Carlos Henrique Vilela
Carlos Henrique Vilela 5min de leitura

Conversamos com Rebeca de Moraes, da Soledad, sobre tropicalização de tendências e insights sobre o contexto da pandemia. Confira.

Você é fundadora da Soledad, uma consultoria que tropicaliza tendências. Como surgiu a ideia da empresa? Por que adaptar tendências de fora à realidade brasileira?

A Soledad nasceu dentro do Grupo Consumoteca, a partir de uma experiência prévia que eu tive com pesquisa de tendências para empresas. Eu havia trabalhado em algumas empresas fora do Brasil, e notei duas coisas nas metodologias que a maior parte das agências que atuam aqui e que as distanciam de uma posição estratégica de seus clientes: a falta de conexão com a realidade brasileira, e a desconexão com o tempo – nunca diziam quando nem como aquilo aconteceria aqui.

Daí surgiu a metodologia da Soledad dentro do Grupo Consumoteca, a tropicalização de tendências vem para falar sobre o amanhã sob uma perspectiva brasileira e latina.

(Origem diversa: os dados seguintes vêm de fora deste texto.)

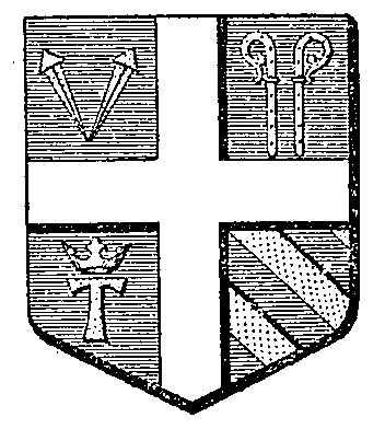 Armes : de gueules à la croix tréflée d'argent, chargée en abîme d'une

Ao seu ver, quais as principais peculiaridades e especificidades do público brasileiro?

São muitas. Começa que evitamos falar sobre “o brasileiro”. Temos muitas particularidades, que podem ser vistas muito além de questões demográficas, mas comportamentais. Só isso já nos faz diferentes de muitos outros países europeus, por exemplo, que têm populações menores e em que mais facilmente se encontra padrões comportamentais extensos.

Nós temos em nosso DNA, na construção cultural do brasil, a antropofagia – o Manifesto Antropofágico, de Oswald de Andrade, levou uma tradição indígena ao estatuto de movimento tipicamente brasileiro, esse que nos permite “comer” o que vem de fora, digerir e vomitar de outra forma, algo novo. Isso é nosso, é brasileiro. E reconhecemos que fazemos isso com movimentos de tendência, com o novo que nos atravessa, desde sempre. Os Mutantes fizeram isso na Tropicália, consumindo rock inglês e criando uma musicalidade completamente original no final dos anos 1960.

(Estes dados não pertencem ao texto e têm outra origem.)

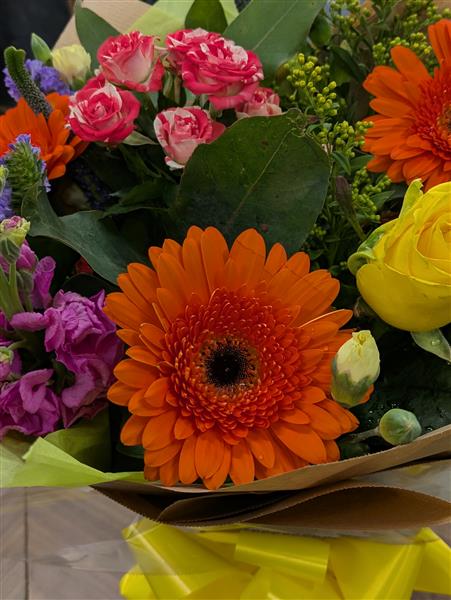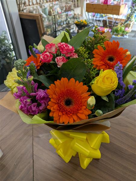 Seasonal flowers and foliage in bright and Bold colours for an eye catching bouquet. Colours and flowers may vary but you can be certain it will be an eye catching bouquet, it's one of our favorites

Como tropicalizar tendências estrangeiras, na prática?

Conhecendo o que está acontecendo lá fora, e conhecendo profundamente o Brasil. É preciso ter os olhos abertos para a maneira como a gente, aqui, lida com o novo. Nossa leitura é tantas vezes muito diferente da leitura que se faz lá fora.

Qual é o case ou exemplo que melhor ilustra tudo isso?

Tem um bom exemplo que é a tendência que muito já se falou que é a do minimalismo. Essa ideia de se viver com pouco, o mínimo possível, que na moda se traduziu de várias formas, do estilo minimal ao armário-cápsula (com no máximo 37 peças). Ao estudar esse movimento no Brasil ficou muito claro que as pessoas mais conectadas com o desejo de pensar sobre o consumo de roupas não queria ter poucas peças – mas estavam interessada em outra coisa sobre isso: em pensar melhor sobre quantas vezes podem usar cada roupa, que cada uma rendesse mais looks, rendesse mais dentro do armário. Isso nos levou a uma tendência que não era a do Minimalismo, mas a um incremento da versatilidade das peças no varejo de moda brasileiro. Se tivéssemos apenas trazido a tendência de fora, sem adaptação, teríamos levado nosso cliente a cometer erros estratégicos que teriam custado caro ao negócio.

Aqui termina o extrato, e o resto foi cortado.